___ Recorded data
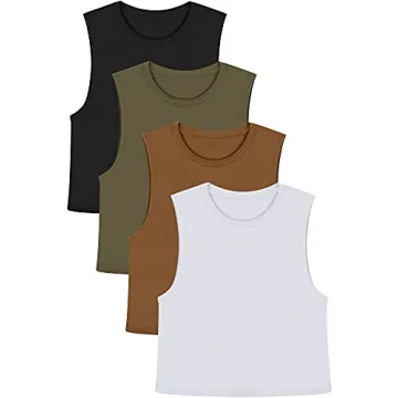 Show moreElevate your wardrobe with the SATINIOR 4-Piece Women's Basic Crop Tank Tops. This sleeveless racerback tank top set is designed for both style and comfort, making it a must-have for any fashion-forward individual. Crafted from a blend of cotton and spandex, these tank tops offer stretchability and breathability, ensuring you stay comfortable all day long. The classic colors - army green, white, brown, and black - provide versatility to match with any outfit, whether you're dressing up for a casual day out or gearing up for a workout session.
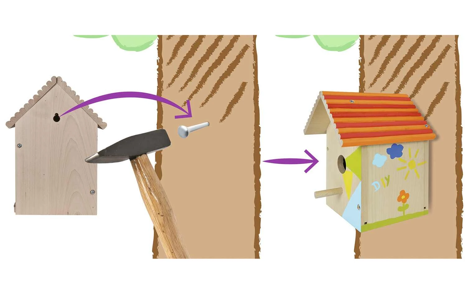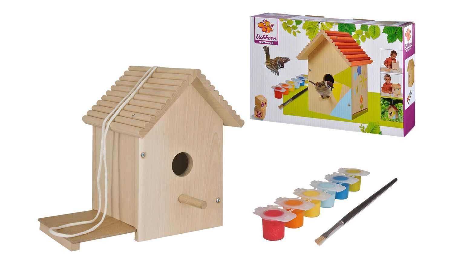 - Lieferumfang / mitgeliefertes Zubehör: inklusive Pinsel und Farben, Vogelhaus zum Zusammenbauen und Bemalen
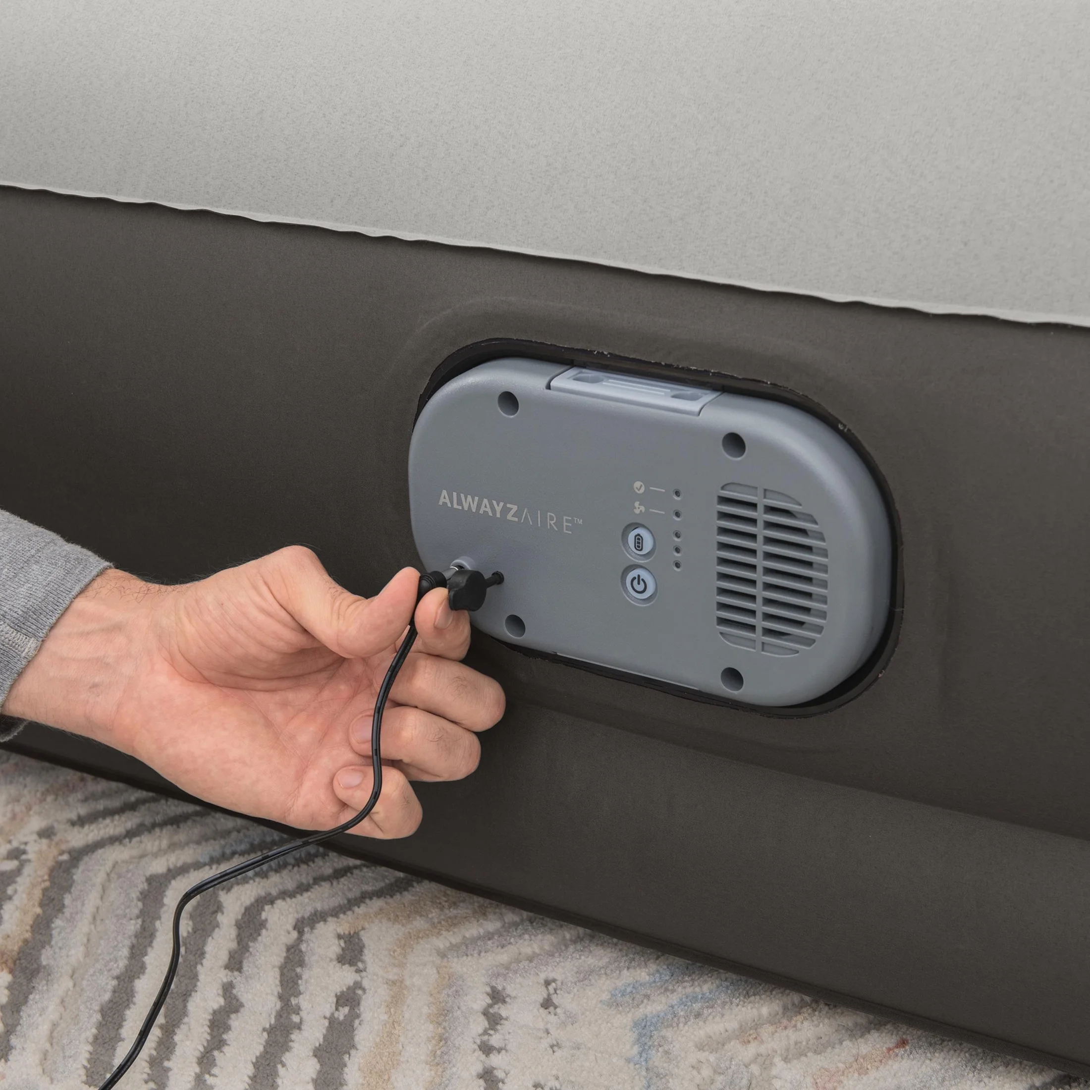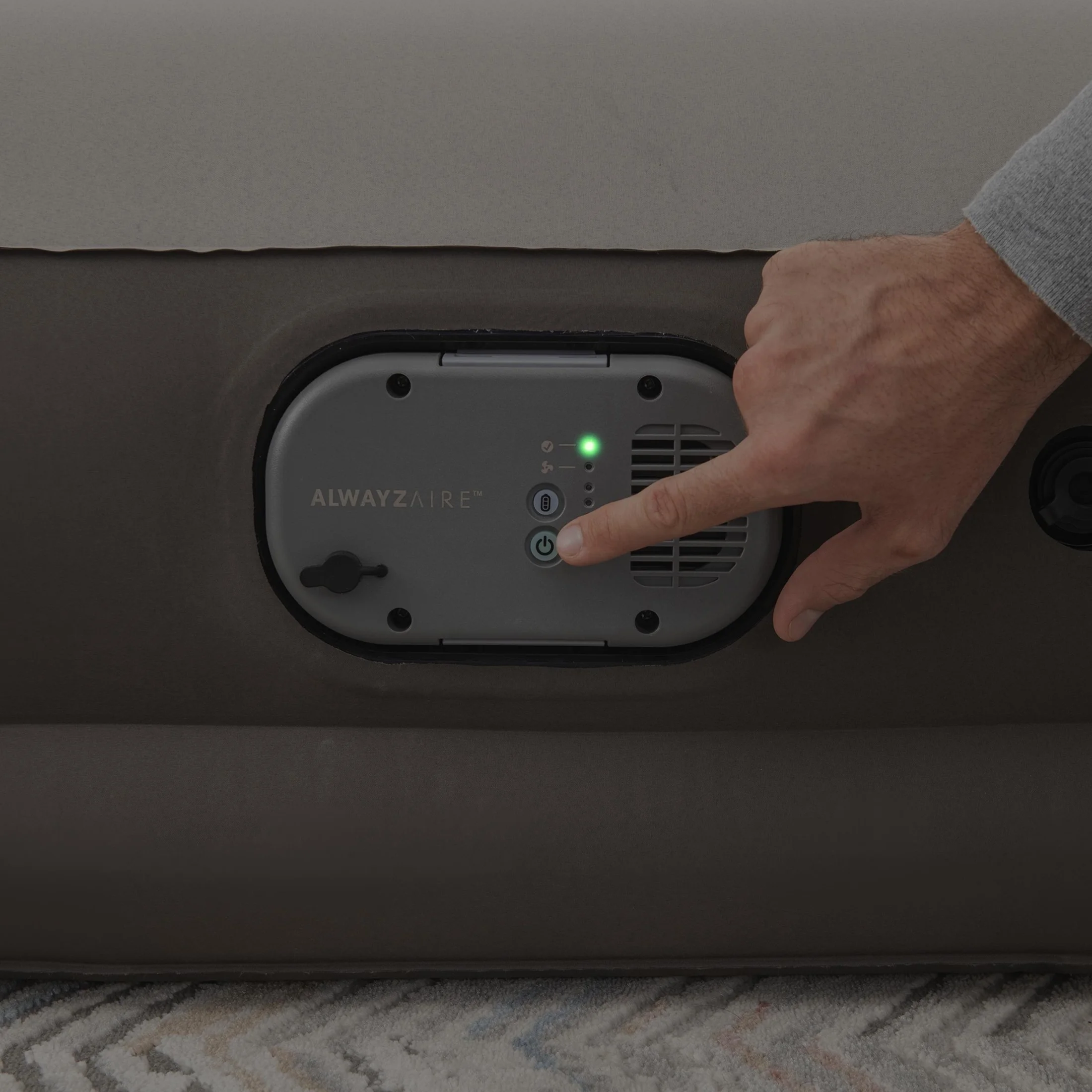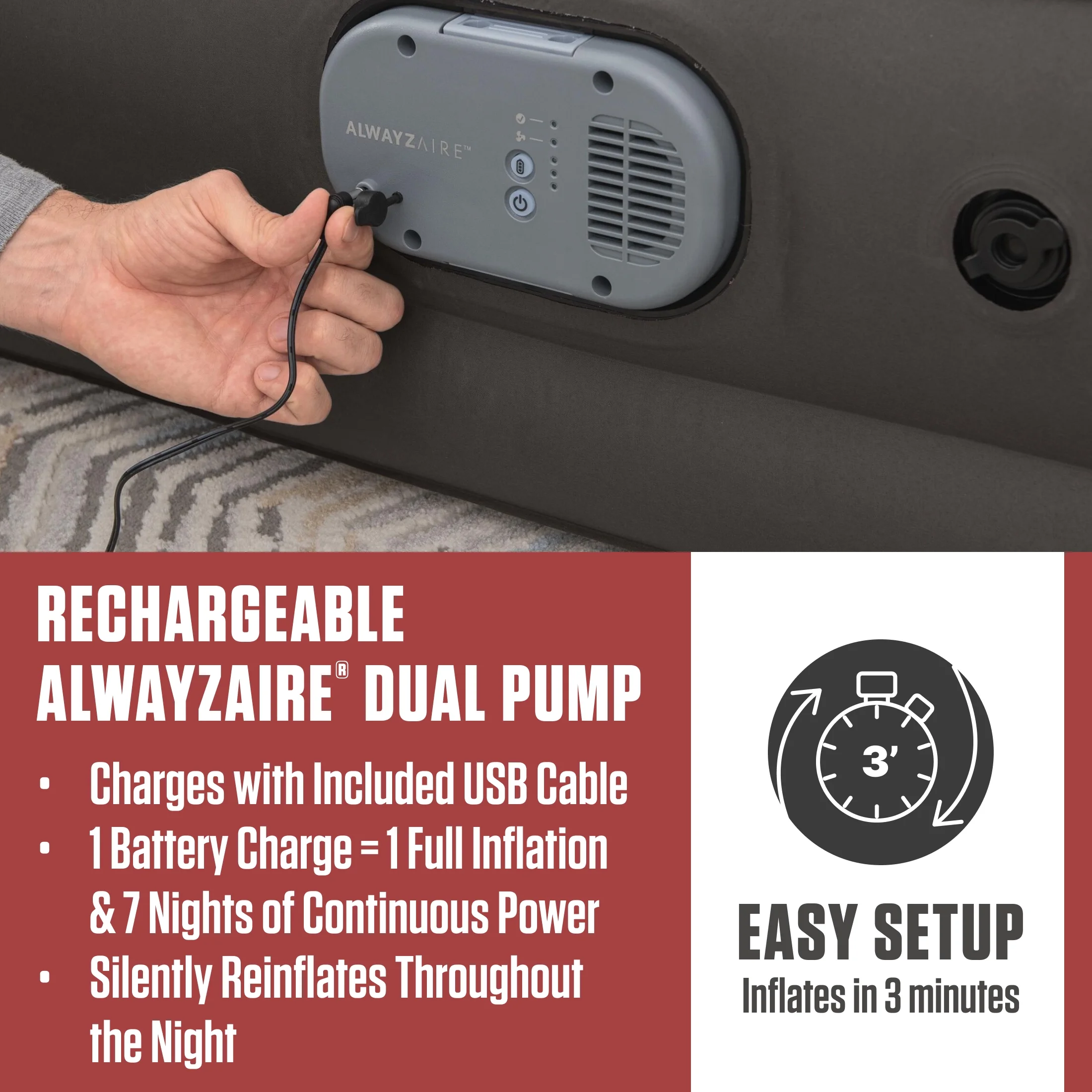 - Built-in rechargeable AlwayzAire™ dual pump inflates the bed in 3 minutes without the hassle of having to plug it in and deflates the bed instantly when removed
______
→ What you will do: Start at the first line and set down all of the data exactly, passing over the pictures.

→ Written response:
 Show moreElevate your wardrobe with the SATINIOR 4-Piece Women's Basic Crop Tank Tops. This sleeveless racerback tank top set is designed for both style and comfort, making it a must-have for any fashion-forward individual. Crafted from a blend of cotton and spandex, these tank tops offer stretchability and breathability, ensuring you stay comfortable all day long. The classic colors - army green, white, brown, and black - provide versatility to match with any outfit, whether you're dressing up for a casual day out or gearing up for a workout session.
 - Lieferumfang / mitgeliefertes Zubehör: inklusive Pinsel und Farben, Vogelhaus zum Zusammenbauen und Bemalen
 - Built-in rechargeable AlwayzAire™ dual pump inflates the bed in 3 minutes without the hassle of having to plug it in and deflates the bed instantly when removed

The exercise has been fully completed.